A common organizing mistake is to clutter your prime active zones with items you don’t frequently need. For example: Don’t keep your spare lightbulbs in the top drawer in the kitchen when you only need to grab one every few months!
2. Make open storage beautiful. Every home can use a combination of open and closed (i.e., hidden) storage. But what you choose to store on your open shelving should be visually pleasing. In the living room, this is a good place for books (arranged by color if you’re feeling artsy) and pretty objects, not beaten-up board games and stacks of video games. Likewise in the kitchen, open shelving is the place to put your matching sets of clear drinking glasses or favorite teacups, not the plastic food storage containers.

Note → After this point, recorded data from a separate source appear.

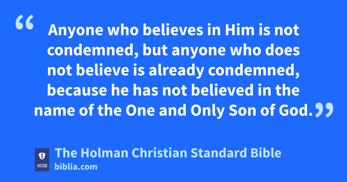 16 “For God loved e the world * in this way: f He gave His * One and Only g Son, h so that everyone who believes in Him will not perish but have eternal life. i 17 For God did not send His Son into the world that He might condemn j the world, but that the world might be saved through Him. 18 Anyone who believes in Him is not condemned, but anyone who does not believe is already condemned, k because he has not believed in the name l of the One and Only Son m of God.
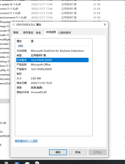 出现问题的 GROOVEEX.DLL 文件的版本是 16.0.19509.20000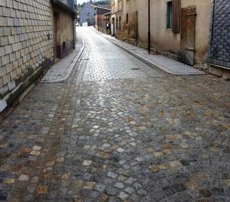 Ab da wurde die Straße mit Großpflastersteinen und die Randbereiche mit Kleinpflastersteinen aus Granit befestigt.

3. Keep things findable. Out of sight, out of mind is an especially apt expression when it comes to organizing. Clear containers are ideal when you want to be able to see the contents at a glance, and open baskets can corral loose items while still letting you look inside.
If you use containers that aren’t transparent, be sure to label them clearly — or take it a step further and label each with a photo of the objects inside. (Instant cameras are ideal for this.)
4. Group by task. I think of this as the first-aid kit phenomenon: When you need a Band-Aid, you may also need some antibiotic ointment, maybe some tweezers to remove a splinter, and a gauze pad; in a first-aid kit, everything you need to complete the task of caring for your injury is conveniently located in one place.
When you’re organizing your stuff, remember this and group everything you need to complete a task in the same place.
For example, you could make one box for medications, another for spare office supplies, one for holiday cookie cutters and sprinkles, and so on. Labeled shoebox-size boxes (like the ones shown here) work well for grouping small items together.
5. Subdivide and conquer. Wide-open drawers are an invitation to clutter. Anytime you have a drawer where you’ll be storing small items, use a drawer organizer. Use them for cutlery in the kitchen, office supplies in your desk, small and useful household items in your junk drawer, and daily essentials (sunglasses, keys) in a drawer near the entry.
6. Go vertical. What happens when you go for something at the bottom of a pile? That’s right, it topples.
Avoid this organizing nightmare and go vertical instead. Use shelf risers to increase cabinet capacity, store sheet pans and trays in a vertical holder, and use wall-mounted holders to store brooms and mops so they won’t tip over.
7. Choose the right container for the job. It can be heartbreaking to find that some of your most precious items – old family photographs, Grandma’s wedding gown – have been ruined thanks to improper storage.
Take preventative measures by choosing the right storage container for the job. Photographs and paper memorabilia should be stored in acid-free containers or albums, and textiles should be kept in breathable storage boxes or bags designed for that purpose.
8. Store heavy items down low. You should never have to balance on a stepladder while trying to lift something heavy.
Keep heavy items at or below waist height, including boxes, kitchen equipment (those dutch ovens and stand mixers weigh a ton!) and anything else that takes some real effort to lift.
And if you live in earthquake country, this is doubly important: You don’t want heavy items falling out of high cupboards and landing on someone’s head.